**Data provided:**
<<<<

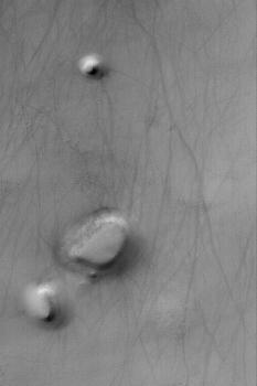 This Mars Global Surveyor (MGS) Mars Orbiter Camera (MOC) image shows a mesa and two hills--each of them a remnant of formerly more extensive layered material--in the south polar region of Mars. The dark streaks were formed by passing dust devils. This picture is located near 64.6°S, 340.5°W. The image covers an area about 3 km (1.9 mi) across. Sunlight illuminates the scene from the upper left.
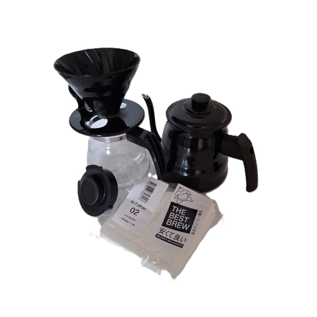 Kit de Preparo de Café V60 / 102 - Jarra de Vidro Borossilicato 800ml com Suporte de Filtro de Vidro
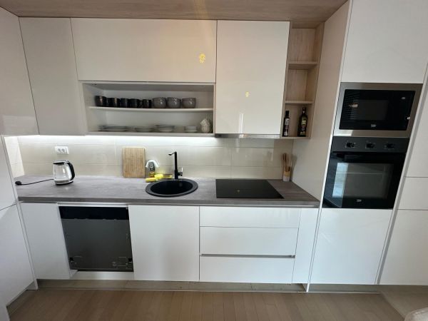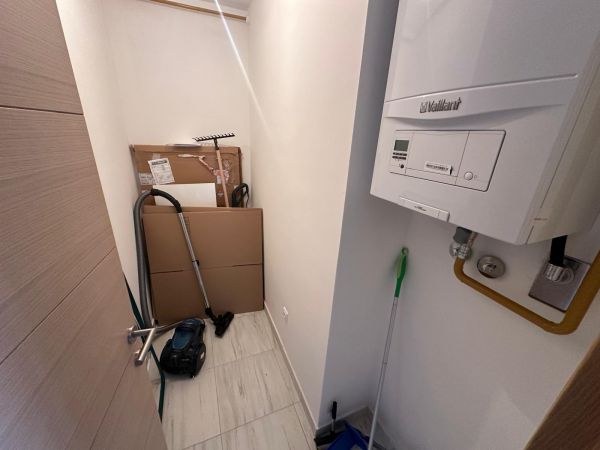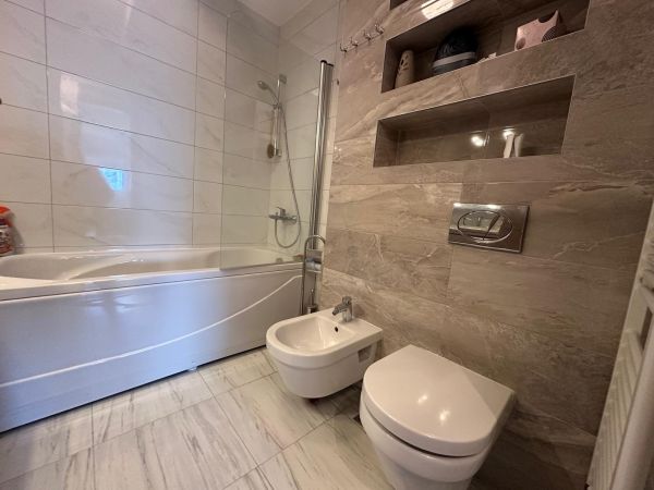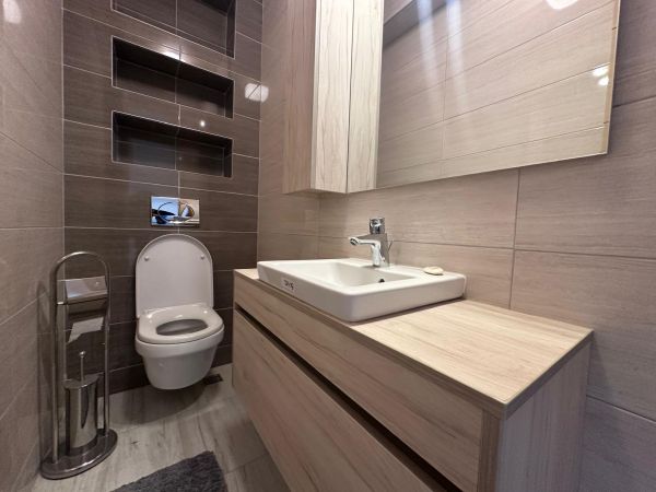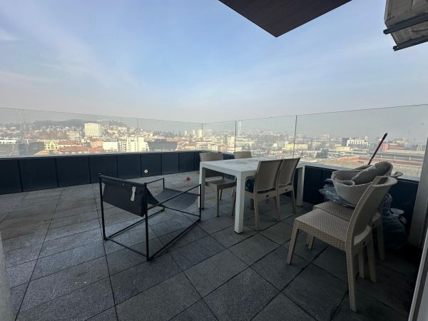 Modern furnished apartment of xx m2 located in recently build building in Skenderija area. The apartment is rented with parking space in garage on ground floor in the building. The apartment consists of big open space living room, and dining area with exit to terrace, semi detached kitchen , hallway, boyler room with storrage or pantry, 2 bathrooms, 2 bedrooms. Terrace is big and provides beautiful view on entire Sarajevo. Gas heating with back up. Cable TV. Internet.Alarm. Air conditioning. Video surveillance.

>>>>
<<<<

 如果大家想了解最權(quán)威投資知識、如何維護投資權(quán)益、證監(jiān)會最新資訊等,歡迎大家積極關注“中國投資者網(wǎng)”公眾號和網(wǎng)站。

>>>>

**Work task:**
Look above for the line with "This Mars Global" and the line with "Kit de Preparo", then copy exactly the lines from the first through the second, both kept, with no pictures.

**Answer space:**
 This Mars Global Surveyor (MGS) Mars Orbiter Camera (MOC) image shows a mesa and two hills--each of them a remnant of formerly more extensive layered material--in the south polar region of Mars. The dark streaks were formed by passing dust devils. This picture is located near 64.6°S, 340.5°W. The image covers an area about 3 km (1.9 mi) across. Sunlight illuminates the scene from the upper left.
 Kit de Preparo de Café V60 / 102 - Jarra de Vidro Borossilicato 800ml com Suporte de Filtro de Vidro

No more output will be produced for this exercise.